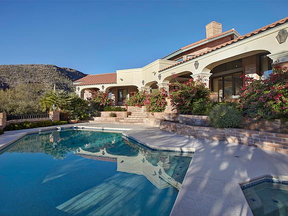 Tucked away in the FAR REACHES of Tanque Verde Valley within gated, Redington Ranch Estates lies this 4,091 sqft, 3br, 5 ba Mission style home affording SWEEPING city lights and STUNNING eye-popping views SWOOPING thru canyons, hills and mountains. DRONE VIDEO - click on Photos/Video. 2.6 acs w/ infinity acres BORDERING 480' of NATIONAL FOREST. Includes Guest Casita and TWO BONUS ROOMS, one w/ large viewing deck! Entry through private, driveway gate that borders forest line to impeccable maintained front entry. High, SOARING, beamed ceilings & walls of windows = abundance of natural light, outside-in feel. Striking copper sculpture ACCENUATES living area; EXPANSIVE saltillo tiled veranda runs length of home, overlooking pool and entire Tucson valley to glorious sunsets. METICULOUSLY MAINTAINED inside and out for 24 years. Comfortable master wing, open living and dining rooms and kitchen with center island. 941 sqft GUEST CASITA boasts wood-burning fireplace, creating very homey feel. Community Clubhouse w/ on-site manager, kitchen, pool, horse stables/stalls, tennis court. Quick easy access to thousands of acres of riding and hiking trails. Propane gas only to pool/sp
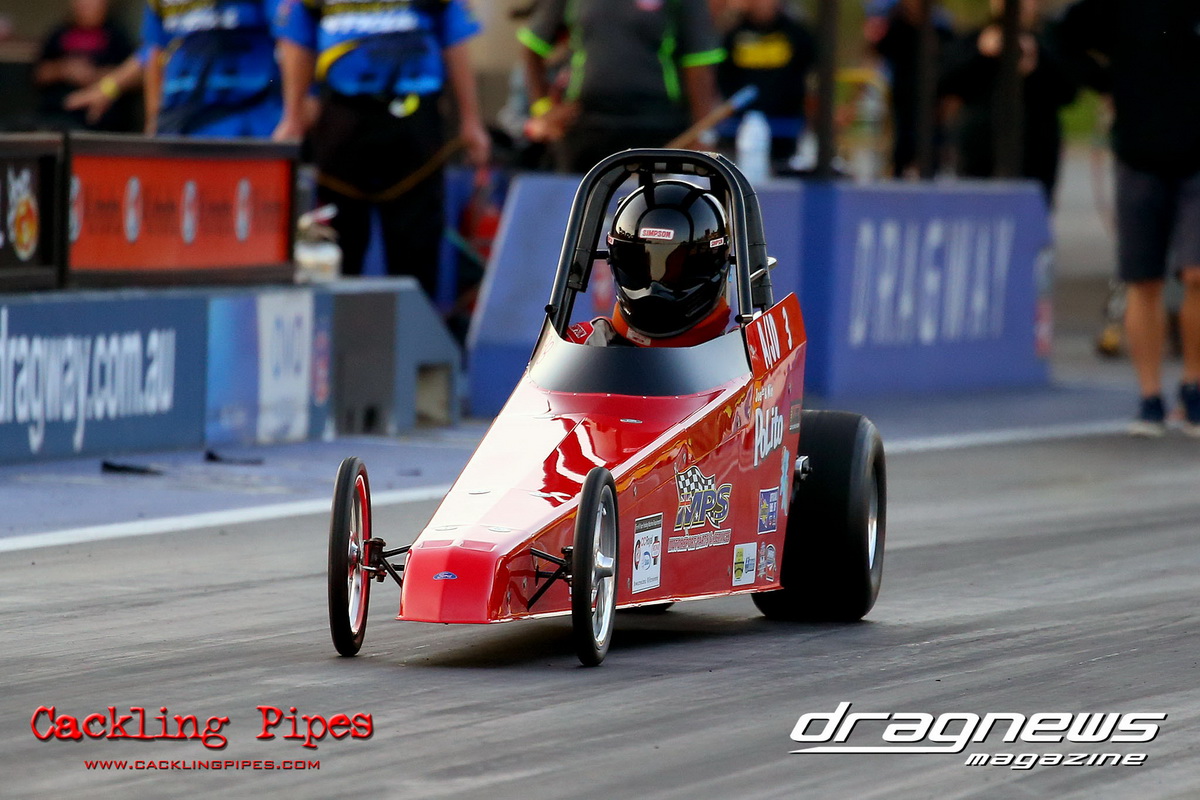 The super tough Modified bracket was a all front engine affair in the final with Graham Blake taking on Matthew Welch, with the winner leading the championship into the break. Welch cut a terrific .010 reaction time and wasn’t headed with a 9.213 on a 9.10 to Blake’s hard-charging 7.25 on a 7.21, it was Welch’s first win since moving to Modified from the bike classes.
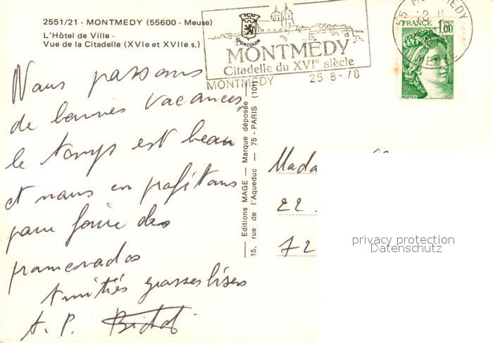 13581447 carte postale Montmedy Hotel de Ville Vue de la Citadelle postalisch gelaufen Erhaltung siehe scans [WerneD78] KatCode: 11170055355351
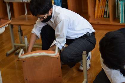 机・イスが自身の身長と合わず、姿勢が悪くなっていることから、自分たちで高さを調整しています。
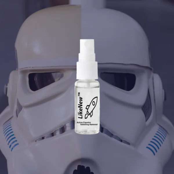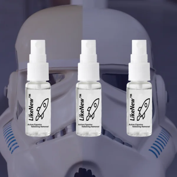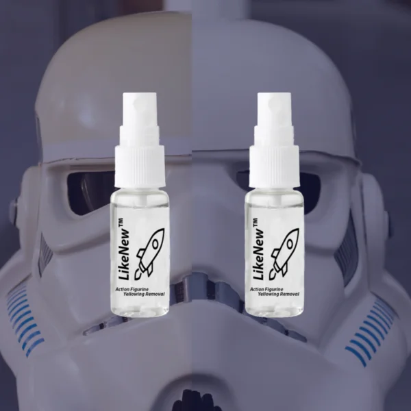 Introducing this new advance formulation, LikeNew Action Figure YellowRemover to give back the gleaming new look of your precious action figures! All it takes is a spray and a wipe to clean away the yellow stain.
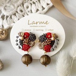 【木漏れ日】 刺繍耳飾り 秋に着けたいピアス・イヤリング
===
• What is being asked
No pictures belong in the copy. Transcribe every entry exactly.

• Your solution
 Tucked away in the FAR REACHES of Tanque Verde Valley within gated, Redington Ranch Estates lies this 4,091 sqft, 3br, 5 ba Mission style home affording SWEEPING city lights and STUNNING eye-popping views SWOOPING thru canyons, hills and mountains. DRONE VIDEO - click on Photos/Video. 2.6 acs w/ infinity acres BORDERING 480' of NATIONAL FOREST. Includes Guest Casita and TWO BONUS ROOMS, one w/ large viewing deck! Entry through private, driveway gate that borders forest line to impeccable maintained front entry. High, SOARING, beamed ceilings & walls of windows = abundance of natural light, outside-in feel. Striking copper sculpture ACCENUATES living area; EXPANSIVE saltillo tiled veranda runs length of home, overlooking pool and entire Tucson valley to glorious sunsets. METICULOUSLY MAINTAINED inside and out for 24 years. Comfortable master wing, open living and dining rooms and kitchen with center island. 941 sqft GUEST CASITA boasts wood-burning fireplace, creating very homey feel. Community Clubhouse w/ on-site manager, kitchen, pool, horse stables/stalls, tennis court. Quick easy access to thousands of acres of riding and hiking trails. Propane gas only to pool/sp
 The super tough Modified bracket was a all front engine affair in the final with Graham Blake taking on Matthew Welch, with the winner leading the championship into the break. Welch cut a terrific .010 reaction time and wasn’t headed with a 9.213 on a 9.10 to Blake’s hard-charging 7.25 on a 7.21, it was Welch’s first win since moving to Modified from the bike classes.
 13581447 carte postale Montmedy Hotel de Ville Vue de la Citadelle postalisch gelaufen Erhaltung siehe scans [WerneD78] KatCode: 11170055355351
 机・イスが自身の身長と合わず、姿勢が悪くなっていることから、自分たちで高さを調整しています。
 Introducing this new advance formulation, LikeNew Action Figure YellowRemover to give back the gleaming new look of your precious action figures! All it takes is a spray and a wipe to clean away the yellow stain.
 【木漏れ日】 刺繍耳飾り 秋に着けたいピアス・イヤリング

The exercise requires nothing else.